**DATASET CONTENT**

◆ ◆ ◆

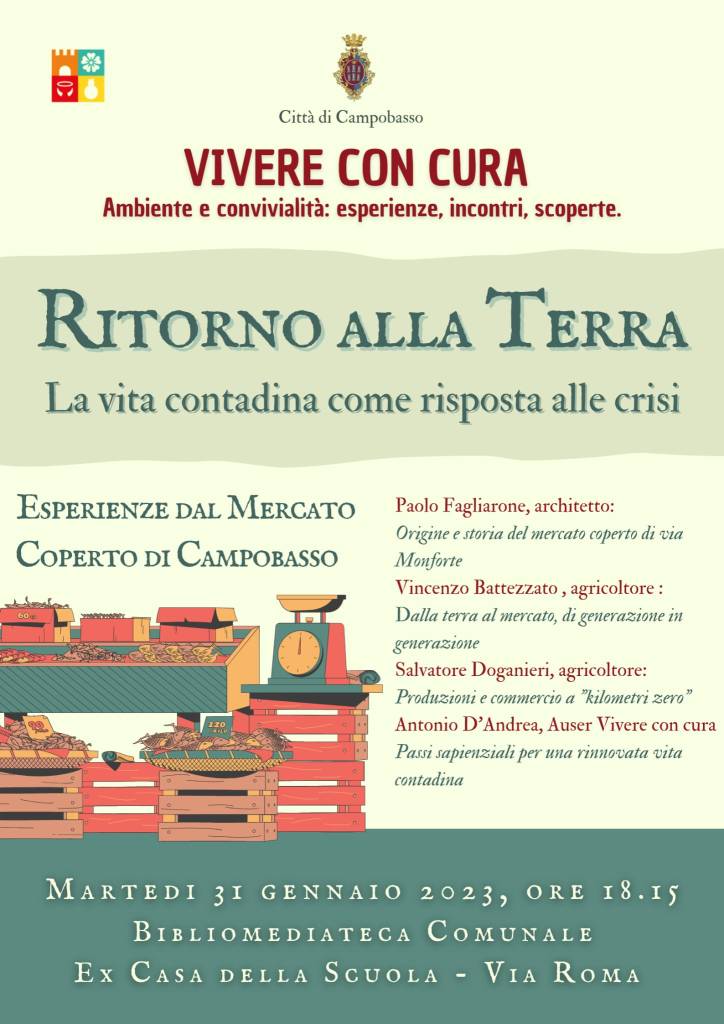 Martedì 31 gennaio, presso la BiblioMediaTeca comunale in via Roma a Campobasso, alle 18.15, si terrà l’incontro “Ritorno alla terra – la vita contadina come risposta alle crisi” che metterà al centro del dibattito le esperienze dei contadini locali e della filiera corta, con una particolare attenzione all’esempio del Mercato Coperto di via Monforte e alla sua evoluzione/involuzione subita negli anni, con uno sguardo anche agli scenari futuri che interesseranno la struttura con i prossimi lavori di riqualificazione.
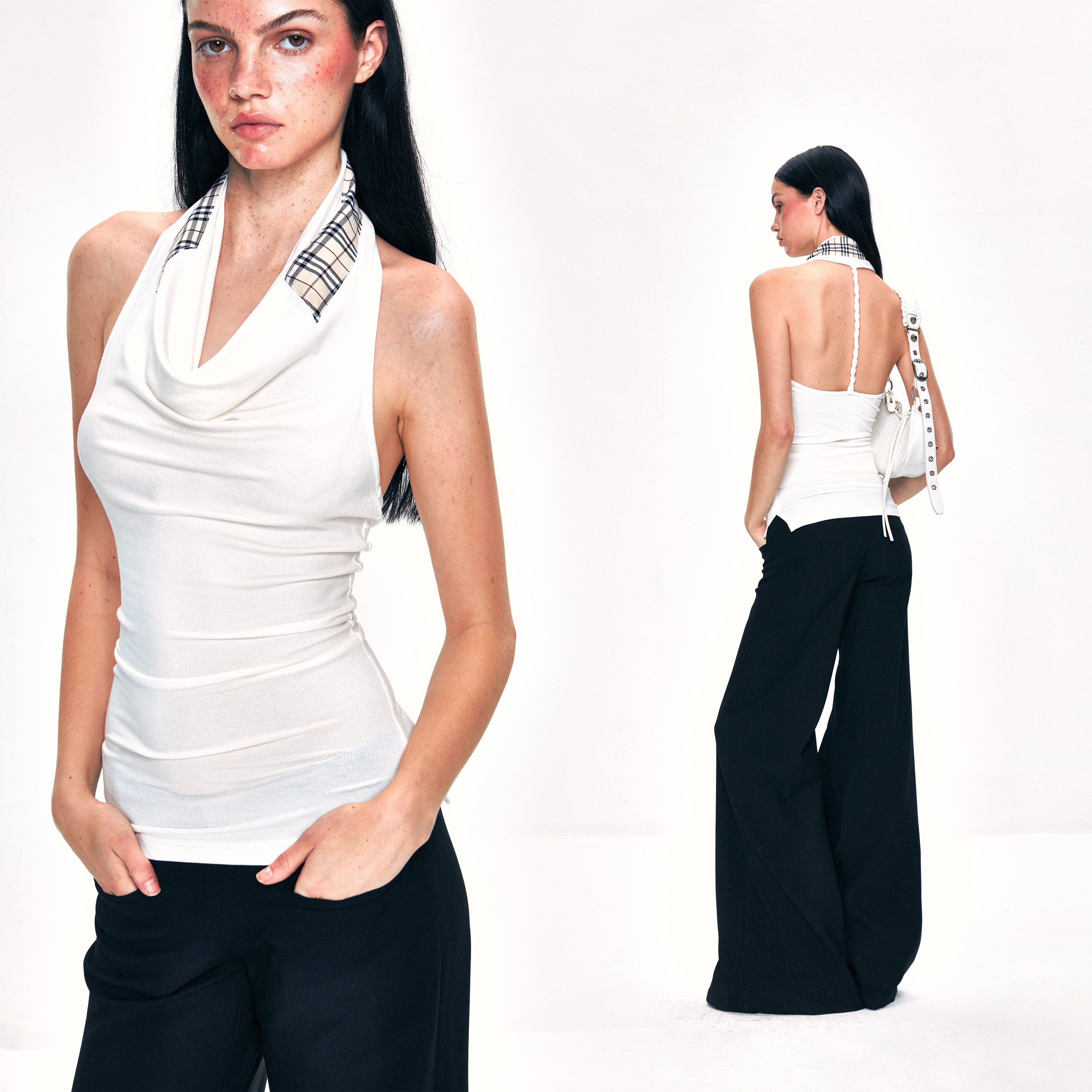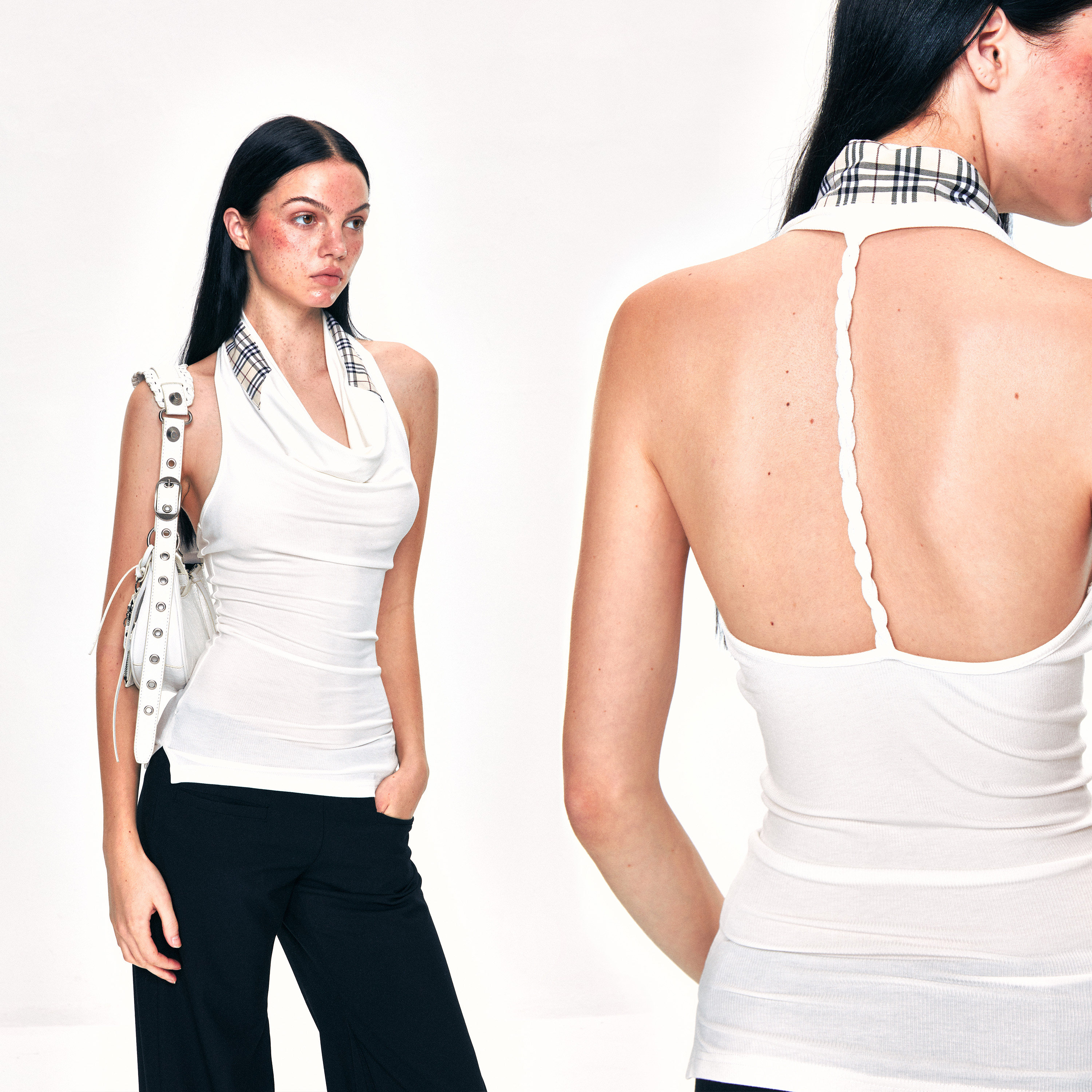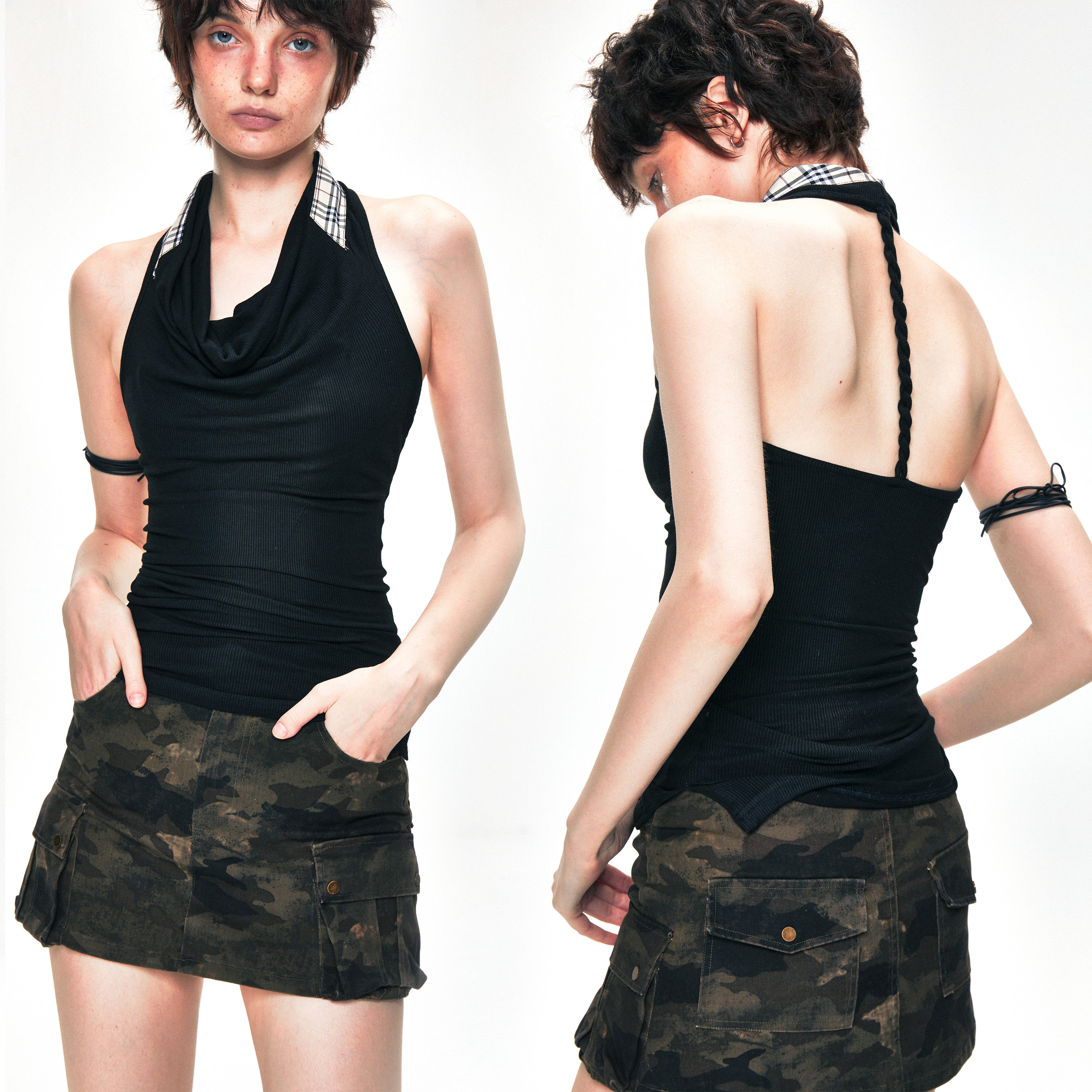 复古辣妹修身 KVKV 格纹荡领挂脖背心 美式 上衣 显瘦美背高级感无袖
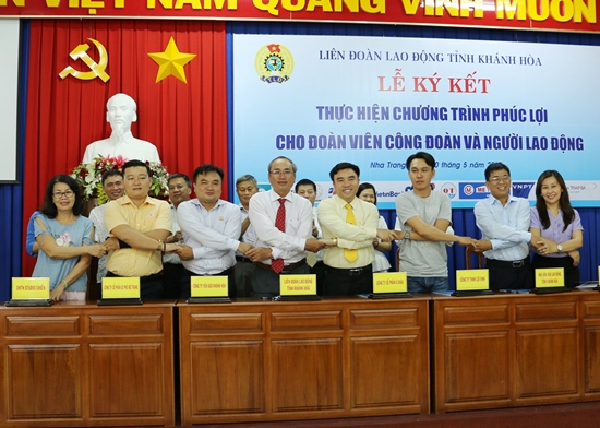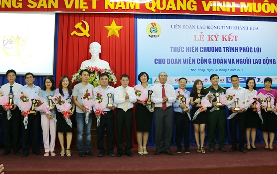 Sáng 30-5, Liên đoàn Lao động tỉnh Khánh Hòa đã tổ chức Lễ ký kết thỏa thuận hợp tác đưa phúc lợi đến với đoàn viên và người lao động năm 2017. Hoạt động này nằm trong chủ đề hoạt động "Năm vì lợi ích của đoàn viên công đoàn” và nằm trong chuỗi hoạt động của “Tháng công nhân” năm 2017.

◆ ◆ ◆

**ASSIGNMENT**
All that's required is the material above repeated exactly, minus any picture.

**TASK RESPONSE**
 Martedì 31 gennaio, presso la BiblioMediaTeca comunale in via Roma a Campobasso, alle 18.15, si terrà l’incontro “Ritorno alla terra – la vita contadina come risposta alle crisi” che metterà al centro del dibattito le esperienze dei contadini locali e della filiera corta, con una particolare attenzione all’esempio del Mercato Coperto di via Monforte e alla sua evoluzione/involuzione subita negli anni, con uno sguardo anche agli scenari futuri che interesseranno la struttura con i prossimi lavori di riqualificazione.
 复古辣妹修身 KVKV 格纹荡领挂脖背心 美式 上衣 显瘦美背高级感无袖
 Sáng 30-5, Liên đoàn Lao động tỉnh Khánh Hòa đã tổ chức Lễ ký kết thỏa thuận hợp tác đưa phúc lợi đến với đoàn viên và người lao động năm 2017. Hoạt động này nằm trong chủ đề hoạt động "Năm vì lợi ích của đoàn viên công đoàn” và nằm trong chuỗi hoạt động của “Tháng công nhân” năm 2017.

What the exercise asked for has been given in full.